The murder seemed inexplicable and, to date, remains unsolved. The exhaustive police investigations ruled out the possibility of her having been killed by someone linked to her personal life, and so the conclusion is the one that initially presented itself - that her death was provoked in some way by her fame. While this is not the first time that a famous person had provoked the attention of a fanatic to such an intense and disturbed degree, it was the first time that murder becamethe fate of such an innocuous, uncontroversial presence. What was considered valuable in the "saleable commodity" of her personality was her ability to make a connection with people which was "truly genuine".

Except that of course it was not. Ms Dando may have had a special talent for projecting her likeable and unassuming self into the nation's living rooms, but the connection, despite the transparent honesty of the transaction on its own terms, was an unreal one.

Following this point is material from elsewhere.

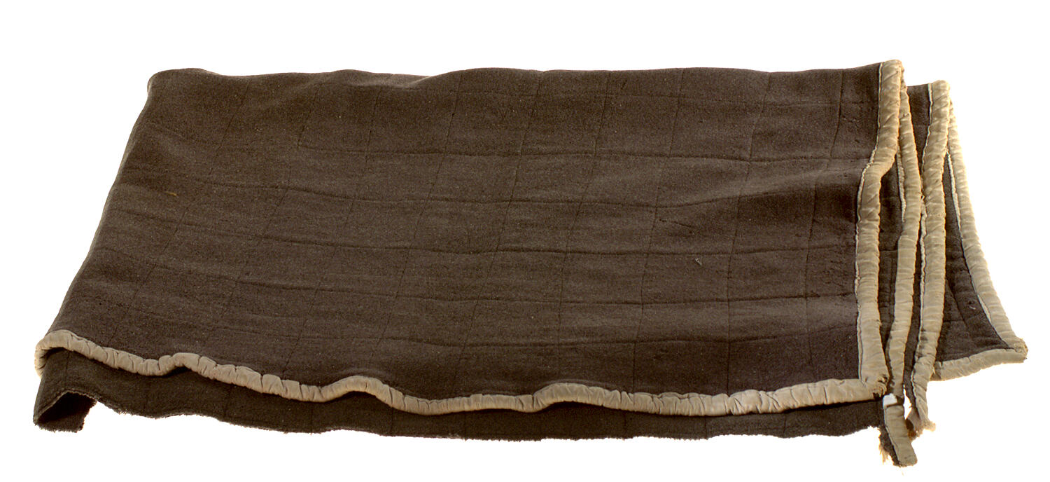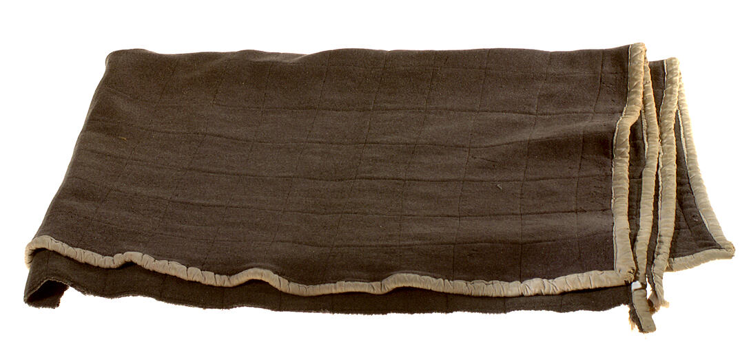 Single blanket of grey woollen material. Two layers are sewn together in quilt stitching to form 9cm squares. It is bound aroud the edge with a 2cm strip of white calico (partly missing). A 5cm deep strip has been cut away along parts of one side. Hand made out of pieces of a once larger blanket, in the tradition known as 'Wagga'.

It now seems reasonable to assume that for somebody the virtuality of the relationship was fatally misconstrued. Perhaps somebody who "felt they knew" this person, also felt that this was a reciprocal relationship of a kind that could not exist. Somebody felt let down by her - because she was engaged to be married, because she had appeared in photographs dressed in leather, because of some other as-yet-unspeculated-about failure to behave as Somebody demanded.

It is also safe to assume that that Somebody is suffering from psychosis and that no general conclusions about the behaviour of an entire culture can be drawn from the actions of Somebody. Except that a blameless young woman is dead and gone now, sacrificed on the altar of celebrity.

But while we may have mourned this woman, our need for new hero-victims appears unabated and the price we expect those we worship to pay for their privilege, seems destined to continue to rise.